A Unified Local Risk Map for Uncertainty-Aware Mobile Robot Navigation in Cluttered and Dynamic Environments

Achieving safe and efficient navigation in cluttered and dynamic environments remains an open challenge for mobile robots, especially when perception and actuation are uncertain. Standard navigation stacks typically handle obstacle avoidance through fixed safety margins or costmap inflation layers. While effective in simple settings, these approaches are difficult to tune in practice: conservative inflation can prevent traversal through narrow passages, whereas less conservative settings may lead to unsafe behavior. Moreover, they usually encode risk only as a function of obstacle proximity.

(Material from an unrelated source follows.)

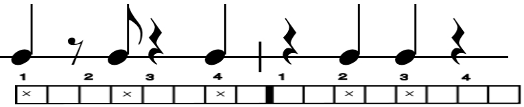 This file is a derivative montage of designs in the public domain
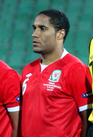 Wales national football team in 2011

We propose a unified probability-inspired risk-cost map that integrates perception uncertainty, actuation uncertainty, dynamic obstacle prediction, and occlusion-aware memory into a single spatial representation. The resulting risk map is used by a local path-modification module that adapts a reference global path using the proposed risk map and interfaces with a standard Model Predictive Path Integral (MPPI) controller. The proposed method is compatible with standard navigation pipelines. We validate the resulting framework in Gazebo simulations under different sensing and actuation uncertainty conditions and in environments containing unknown static and dynamic obstacles. The results show that the proposed method is more robust than conventional costmap-based baselines, resulting in fewer aborted goals in cluttered environments and substantially fewer collision events when dynamic obstacles are present.